*PROBLEM:* Please copy the lines below, exactly as they are, from the one with "Quadro olio su" through the one with "2、左下角的按钮负责控制角色", and leave out the pictures.

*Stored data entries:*

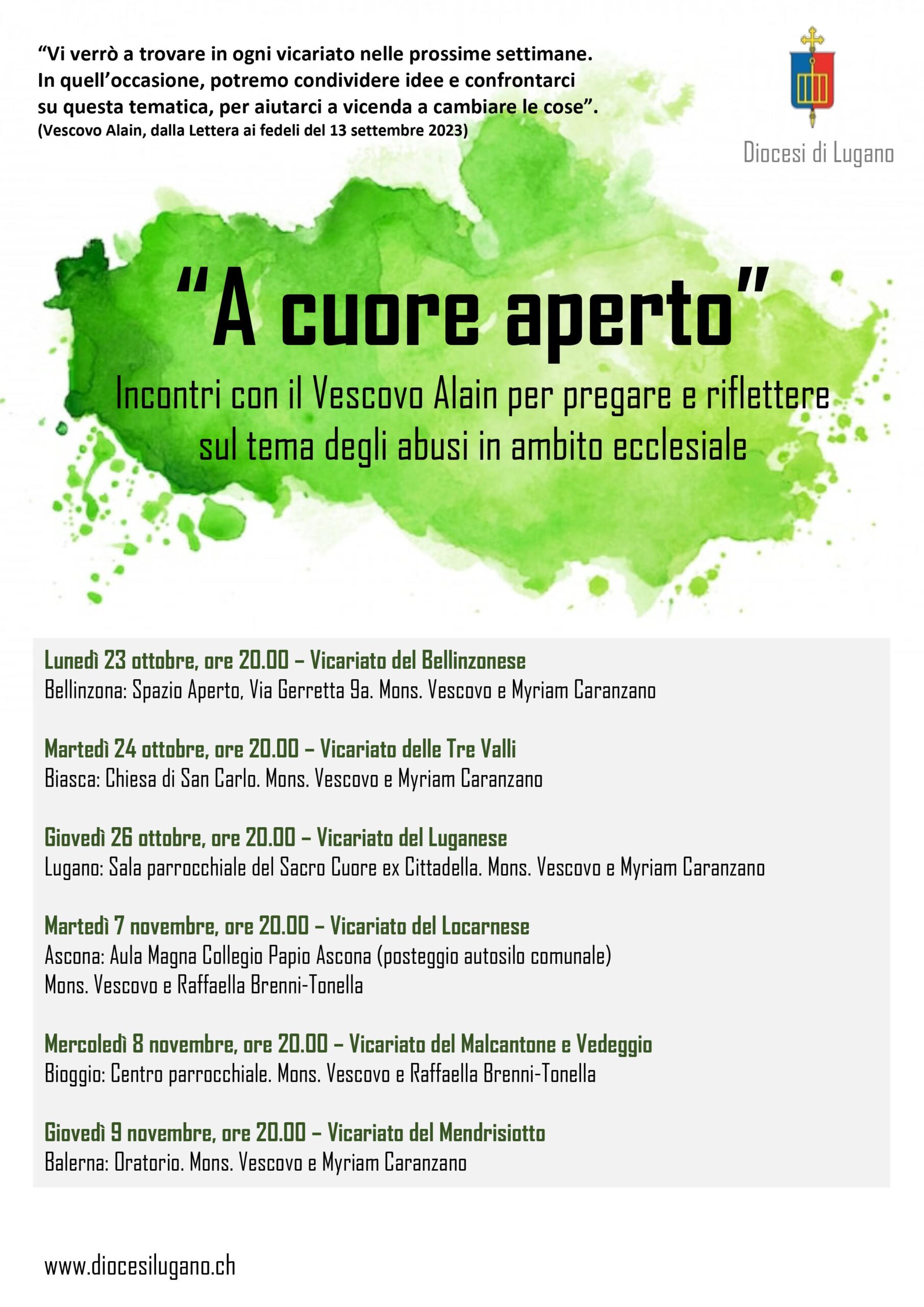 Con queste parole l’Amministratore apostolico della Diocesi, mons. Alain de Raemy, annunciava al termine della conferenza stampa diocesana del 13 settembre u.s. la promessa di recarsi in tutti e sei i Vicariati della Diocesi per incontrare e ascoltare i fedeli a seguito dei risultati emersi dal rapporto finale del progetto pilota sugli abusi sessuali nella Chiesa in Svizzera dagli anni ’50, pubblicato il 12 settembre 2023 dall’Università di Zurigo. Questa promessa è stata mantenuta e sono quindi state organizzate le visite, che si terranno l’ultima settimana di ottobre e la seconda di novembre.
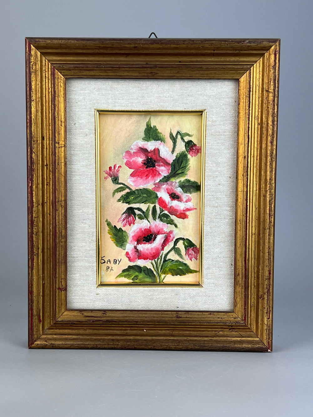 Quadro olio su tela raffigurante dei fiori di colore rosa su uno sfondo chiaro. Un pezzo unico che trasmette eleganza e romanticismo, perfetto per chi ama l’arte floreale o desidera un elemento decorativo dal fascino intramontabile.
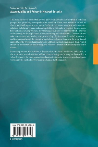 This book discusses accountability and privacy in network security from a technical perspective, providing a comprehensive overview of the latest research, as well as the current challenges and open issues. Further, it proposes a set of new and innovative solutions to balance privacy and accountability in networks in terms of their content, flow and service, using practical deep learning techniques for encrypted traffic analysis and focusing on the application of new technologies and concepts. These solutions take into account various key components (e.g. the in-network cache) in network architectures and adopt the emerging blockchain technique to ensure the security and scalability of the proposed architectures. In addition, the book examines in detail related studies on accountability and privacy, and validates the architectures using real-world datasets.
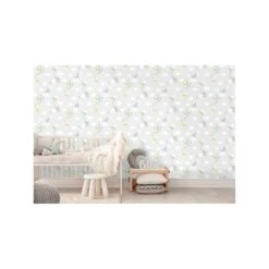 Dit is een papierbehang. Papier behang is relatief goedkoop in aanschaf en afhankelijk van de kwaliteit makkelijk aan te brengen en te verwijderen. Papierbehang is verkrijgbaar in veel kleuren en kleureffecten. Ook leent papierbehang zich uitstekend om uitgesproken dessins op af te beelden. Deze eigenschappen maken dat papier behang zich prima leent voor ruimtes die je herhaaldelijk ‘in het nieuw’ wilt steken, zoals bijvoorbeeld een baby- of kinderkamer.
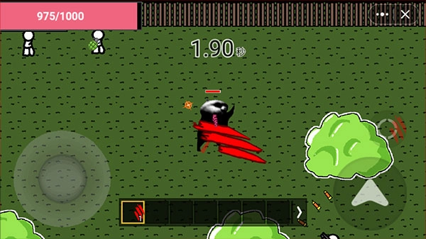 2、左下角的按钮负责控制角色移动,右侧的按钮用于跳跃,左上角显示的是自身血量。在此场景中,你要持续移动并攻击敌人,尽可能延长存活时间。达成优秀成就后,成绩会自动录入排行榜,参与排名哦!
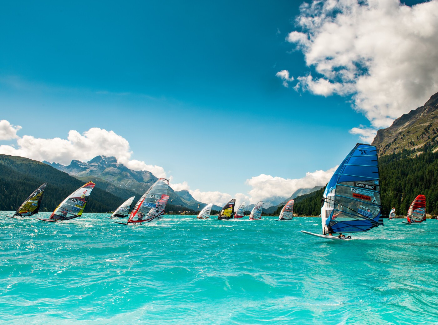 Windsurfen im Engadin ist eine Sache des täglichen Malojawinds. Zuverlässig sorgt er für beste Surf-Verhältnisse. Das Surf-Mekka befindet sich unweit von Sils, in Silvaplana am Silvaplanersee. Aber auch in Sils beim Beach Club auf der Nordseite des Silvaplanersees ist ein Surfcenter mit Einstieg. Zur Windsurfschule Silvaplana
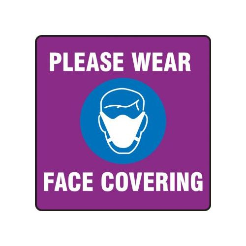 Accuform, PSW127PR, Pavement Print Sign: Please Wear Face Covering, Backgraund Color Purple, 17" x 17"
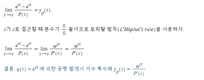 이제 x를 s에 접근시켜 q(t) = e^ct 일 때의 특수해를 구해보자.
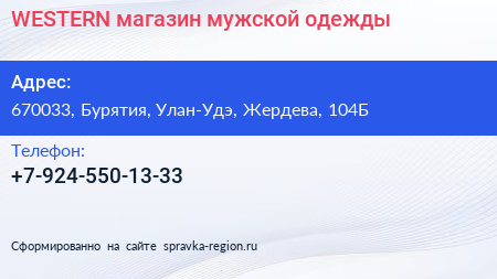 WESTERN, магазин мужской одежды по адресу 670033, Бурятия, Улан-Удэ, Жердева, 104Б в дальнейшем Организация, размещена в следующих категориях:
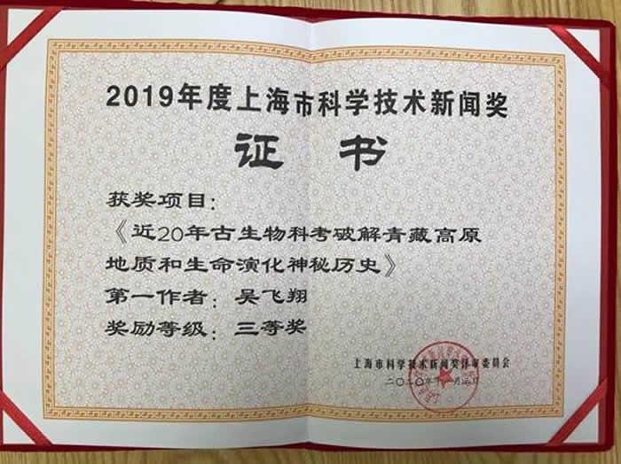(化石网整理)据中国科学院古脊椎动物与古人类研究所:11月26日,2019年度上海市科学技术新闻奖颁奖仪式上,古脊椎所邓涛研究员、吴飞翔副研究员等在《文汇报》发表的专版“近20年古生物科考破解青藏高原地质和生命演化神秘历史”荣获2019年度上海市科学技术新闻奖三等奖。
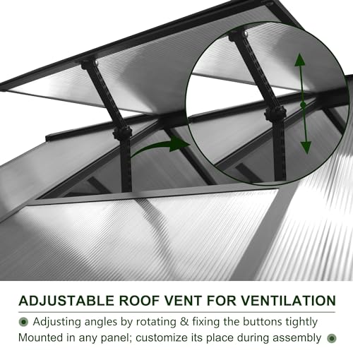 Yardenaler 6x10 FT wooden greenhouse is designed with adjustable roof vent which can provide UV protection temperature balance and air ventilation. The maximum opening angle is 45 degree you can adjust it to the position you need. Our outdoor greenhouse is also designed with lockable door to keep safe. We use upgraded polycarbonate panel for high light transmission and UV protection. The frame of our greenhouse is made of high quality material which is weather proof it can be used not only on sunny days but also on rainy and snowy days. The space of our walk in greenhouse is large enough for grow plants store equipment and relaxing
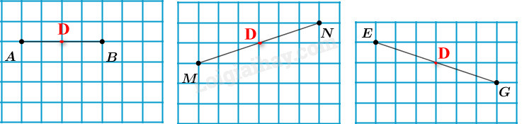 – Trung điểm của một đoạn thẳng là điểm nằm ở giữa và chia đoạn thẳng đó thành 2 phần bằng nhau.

*PROBLEM SOLUTION:*
 Quadro olio su tela raffigurante dei fiori di colore rosa su uno sfondo chiaro. Un pezzo unico che trasmette eleganza e romanticismo, perfetto per chi ama l’arte floreale o desidera un elemento decorativo dal fascino intramontabile.
 This book discusses accountability and privacy in network security from a technical perspective, providing a comprehensive overview of the latest research, as well as the current challenges and open issues. Further, it proposes a set of new and innovative solutions to balance privacy and accountability in networks in terms of their content, flow and service, using practical deep learning techniques for encrypted traffic analysis and focusing on the application of new technologies and concepts. These solutions take into account various key components (e.g. the in-network cache) in network architectures and adopt the emerging blockchain technique to ensure the security and scalability of the proposed architectures. In addition, the book examines in detail related studies on accountability and privacy, and validates the architectures using real-world datasets.
 Dit is een papierbehang. Papier behang is relatief goedkoop in aanschaf en afhankelijk van de kwaliteit makkelijk aan te brengen en te verwijderen. Papierbehang is verkrijgbaar in veel kleuren en kleureffecten. Ook leent papierbehang zich uitstekend om uitgesproken dessins op af te beelden. Deze eigenschappen maken dat papier behang zich prima leent voor ruimtes die je herhaaldelijk ‘in het nieuw’ wilt steken, zoals bijvoorbeeld een baby- of kinderkamer.
 2、左下角的按钮负责控制角色移动,右侧的按钮用于跳跃,左上角显示的是自身血量。在此场景中,你要持续移动并攻击敌人,尽可能延长存活时间。达成优秀成就后,成绩会自动录入排行榜,参与排名哦!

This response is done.